- [What needs to be done] Keep the pictures out and restate every record exactly.

Source data section start

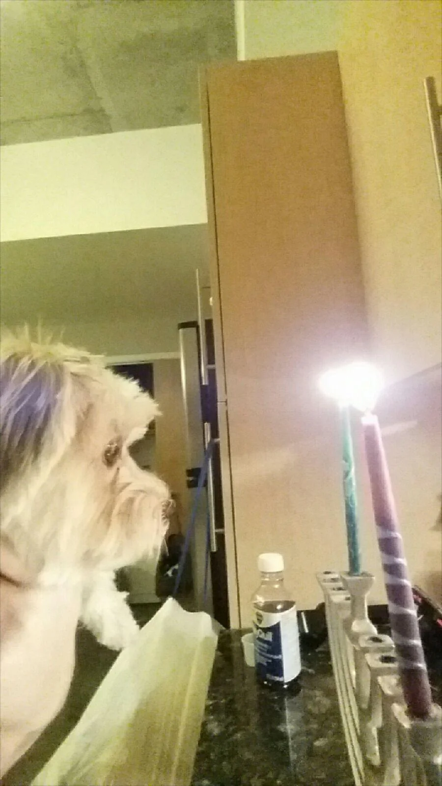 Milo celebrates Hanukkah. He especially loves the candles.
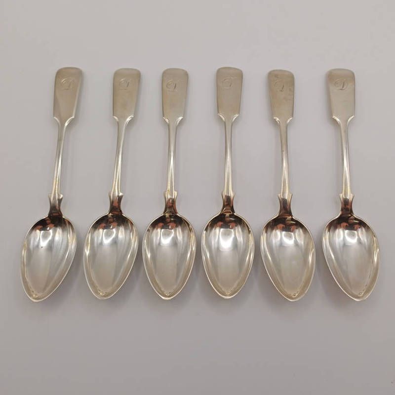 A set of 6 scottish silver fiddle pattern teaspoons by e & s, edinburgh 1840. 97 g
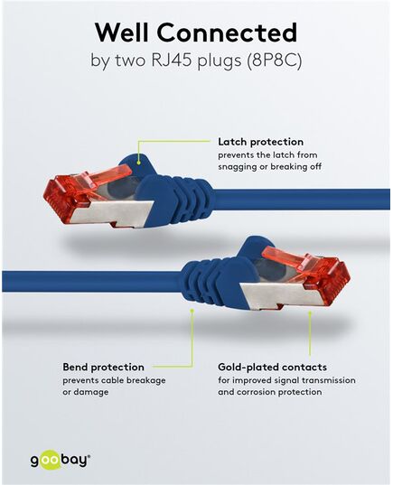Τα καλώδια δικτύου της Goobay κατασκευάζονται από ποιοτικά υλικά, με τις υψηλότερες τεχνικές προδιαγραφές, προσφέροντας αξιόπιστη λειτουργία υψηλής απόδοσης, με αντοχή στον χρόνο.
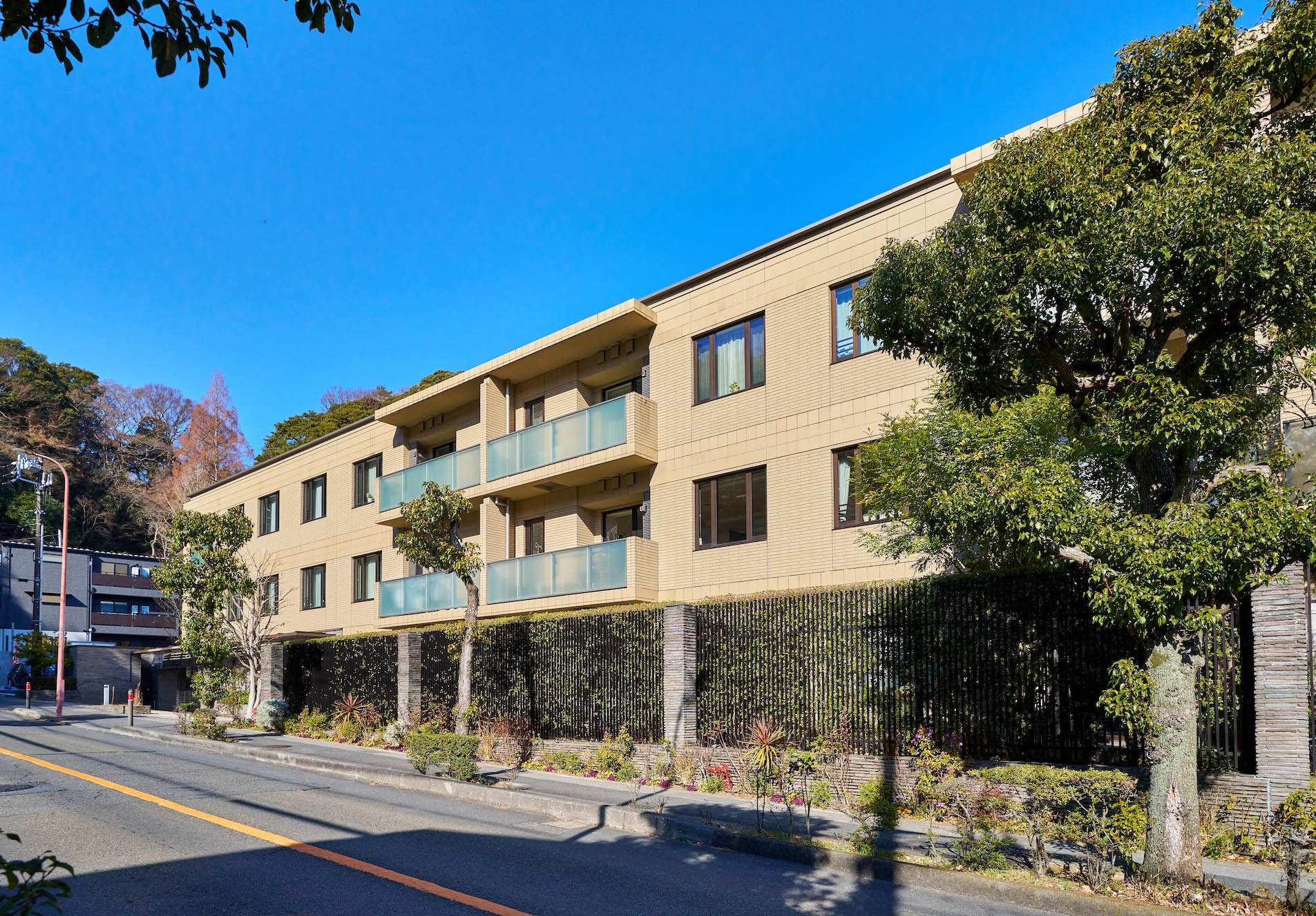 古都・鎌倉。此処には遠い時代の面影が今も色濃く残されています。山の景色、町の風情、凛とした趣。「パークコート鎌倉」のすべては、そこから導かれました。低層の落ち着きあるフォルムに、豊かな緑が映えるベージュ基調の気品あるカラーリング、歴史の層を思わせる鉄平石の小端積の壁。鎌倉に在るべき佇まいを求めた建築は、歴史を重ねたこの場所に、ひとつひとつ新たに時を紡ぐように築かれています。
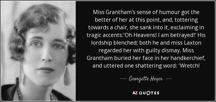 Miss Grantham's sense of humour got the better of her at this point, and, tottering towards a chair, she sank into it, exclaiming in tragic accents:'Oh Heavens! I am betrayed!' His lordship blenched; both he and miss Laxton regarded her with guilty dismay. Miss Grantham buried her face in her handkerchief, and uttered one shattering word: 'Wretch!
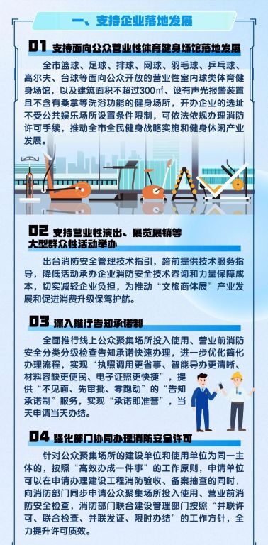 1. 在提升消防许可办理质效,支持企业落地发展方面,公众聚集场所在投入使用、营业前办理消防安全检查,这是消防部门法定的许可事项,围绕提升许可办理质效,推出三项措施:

Source data section end

- [Task response]
 Milo celebrates Hanukkah. He especially loves the candles.
 A set of 6 scottish silver fiddle pattern teaspoons by e & s, edinburgh 1840. 97 g
Τα καλώδια δικτύου της Goobay κατασκευάζονται από ποιοτικά υλικά, με τις υψηλότερες τεχνικές προδιαγραφές, προσφέροντας αξιόπιστη λειτουργία υψηλής απόδοσης, με αντοχή στον χρόνο.
 古都・鎌倉。此処には遠い時代の面影が今も色濃く残されています。山の景色、町の風情、凛とした趣。「パークコート鎌倉」のすべては、そこから導かれました。低層の落ち着きあるフォルムに、豊かな緑が映えるベージュ基調の気品あるカラーリング、歴史の層を思わせる鉄平石の小端積の壁。鎌倉に在るべき佇まいを求めた建築は、歴史を重ねたこの場所に、ひとつひとつ新たに時を紡ぐように築かれています。
 Miss Grantham's sense of humour got the better of her at this point, and, tottering towards a chair, she sank into it, exclaiming in tragic accents:'Oh Heavens! I am betrayed!' His lordship blenched; both he and miss Laxton regarded her with guilty dismay. Miss Grantham buried her face in her handkerchief, and uttered one shattering word: 'Wretch!
 1. 在提升消防许可办理质效,支持企业落地发展方面,公众聚集场所在投入使用、营业前办理消防安全检查,这是消防部门法定的许可事项,围绕提升许可办理质效,推出三项措施:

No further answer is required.